Select, from the material below, each line with "Brown" in it.

--- DATA EXTRACT ---

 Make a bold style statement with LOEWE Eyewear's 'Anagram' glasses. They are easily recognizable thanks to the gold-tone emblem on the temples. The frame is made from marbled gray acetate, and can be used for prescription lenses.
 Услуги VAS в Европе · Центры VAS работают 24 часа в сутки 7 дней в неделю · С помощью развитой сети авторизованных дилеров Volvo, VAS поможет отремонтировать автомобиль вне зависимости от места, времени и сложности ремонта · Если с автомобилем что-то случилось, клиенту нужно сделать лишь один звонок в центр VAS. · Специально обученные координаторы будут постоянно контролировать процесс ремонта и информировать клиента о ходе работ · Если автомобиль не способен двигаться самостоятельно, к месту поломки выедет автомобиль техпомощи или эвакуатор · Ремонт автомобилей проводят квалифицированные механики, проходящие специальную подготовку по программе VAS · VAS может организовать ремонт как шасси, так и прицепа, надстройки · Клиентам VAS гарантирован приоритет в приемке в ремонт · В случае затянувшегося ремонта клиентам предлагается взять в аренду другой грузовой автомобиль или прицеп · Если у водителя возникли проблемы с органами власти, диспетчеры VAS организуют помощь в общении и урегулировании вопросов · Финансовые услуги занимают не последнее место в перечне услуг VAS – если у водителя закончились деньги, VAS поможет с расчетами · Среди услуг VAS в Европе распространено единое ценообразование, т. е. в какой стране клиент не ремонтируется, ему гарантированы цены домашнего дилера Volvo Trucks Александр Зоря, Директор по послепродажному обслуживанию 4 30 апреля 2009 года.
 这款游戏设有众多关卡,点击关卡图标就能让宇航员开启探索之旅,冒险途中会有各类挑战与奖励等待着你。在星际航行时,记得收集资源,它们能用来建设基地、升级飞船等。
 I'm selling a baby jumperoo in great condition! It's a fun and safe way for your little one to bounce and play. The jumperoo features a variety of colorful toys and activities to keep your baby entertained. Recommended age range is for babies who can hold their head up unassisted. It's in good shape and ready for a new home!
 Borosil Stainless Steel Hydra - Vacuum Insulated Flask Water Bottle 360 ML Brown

---
--- DATA EXTRACT ---

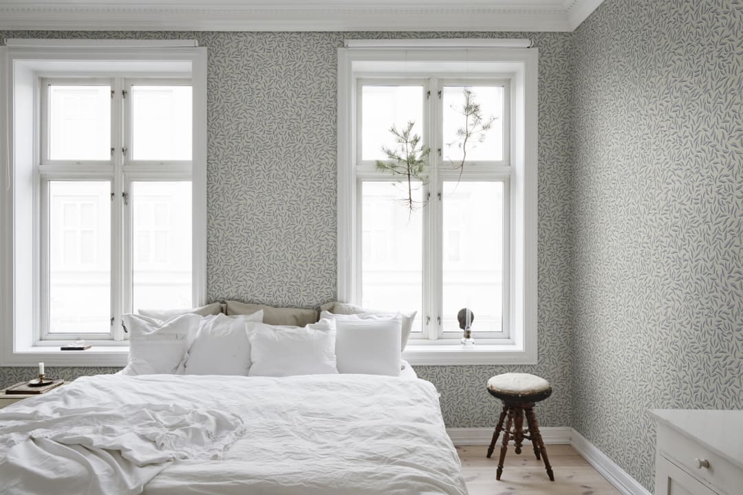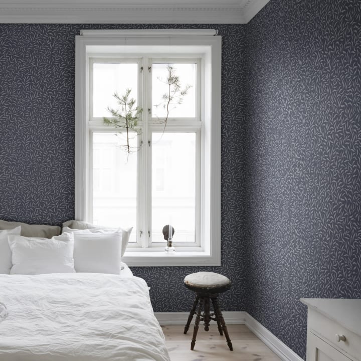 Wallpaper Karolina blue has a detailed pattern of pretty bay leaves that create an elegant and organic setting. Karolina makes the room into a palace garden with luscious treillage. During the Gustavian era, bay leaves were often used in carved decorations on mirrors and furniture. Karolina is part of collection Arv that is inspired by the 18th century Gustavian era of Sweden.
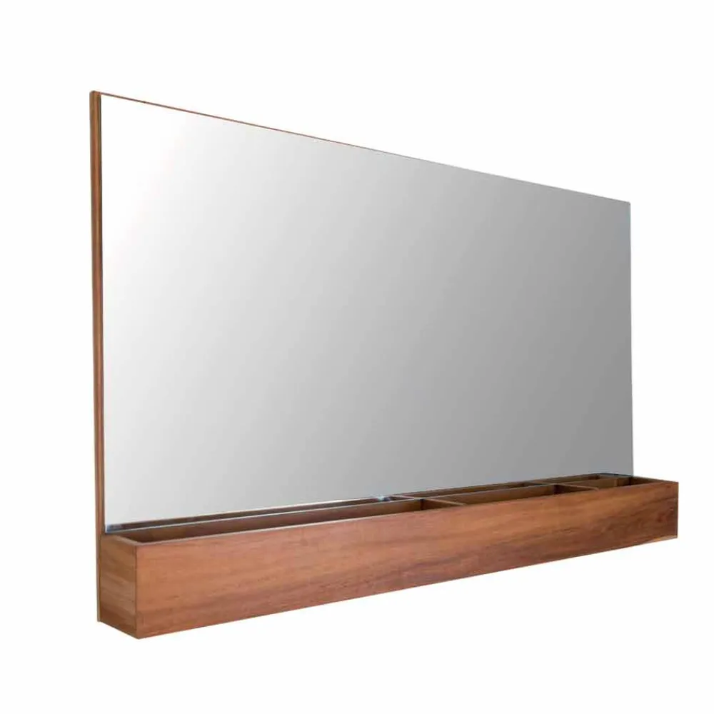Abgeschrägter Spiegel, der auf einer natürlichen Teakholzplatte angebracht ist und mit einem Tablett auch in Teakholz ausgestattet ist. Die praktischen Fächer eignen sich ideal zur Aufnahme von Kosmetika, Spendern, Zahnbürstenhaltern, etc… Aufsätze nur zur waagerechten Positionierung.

---
--- DATA EXTRACT ---

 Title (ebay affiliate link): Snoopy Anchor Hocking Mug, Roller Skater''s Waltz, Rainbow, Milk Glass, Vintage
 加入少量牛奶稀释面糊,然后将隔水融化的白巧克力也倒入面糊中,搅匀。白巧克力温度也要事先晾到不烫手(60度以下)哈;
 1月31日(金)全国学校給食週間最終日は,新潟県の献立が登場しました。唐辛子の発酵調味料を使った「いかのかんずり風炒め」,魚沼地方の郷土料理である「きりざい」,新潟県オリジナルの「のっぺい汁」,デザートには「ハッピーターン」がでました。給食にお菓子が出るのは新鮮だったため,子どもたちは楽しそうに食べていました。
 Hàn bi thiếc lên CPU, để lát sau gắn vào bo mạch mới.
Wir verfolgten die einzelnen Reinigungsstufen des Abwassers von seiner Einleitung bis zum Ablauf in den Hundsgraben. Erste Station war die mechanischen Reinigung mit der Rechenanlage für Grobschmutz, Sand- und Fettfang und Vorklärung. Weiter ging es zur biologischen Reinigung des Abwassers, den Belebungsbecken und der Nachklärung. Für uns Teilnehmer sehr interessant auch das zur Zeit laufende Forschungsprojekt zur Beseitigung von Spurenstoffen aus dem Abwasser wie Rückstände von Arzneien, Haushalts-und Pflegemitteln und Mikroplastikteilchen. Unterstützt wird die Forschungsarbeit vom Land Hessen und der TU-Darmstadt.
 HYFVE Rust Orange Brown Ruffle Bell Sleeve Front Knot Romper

---

### WORKED SOLUTION
 Borosil Stainless Steel Hydra - Vacuum Insulated Flask Water Bottle 360 ML Brown
 HYFVE Rust Orange Brown Ruffle Bell Sleeve Front Knot Romper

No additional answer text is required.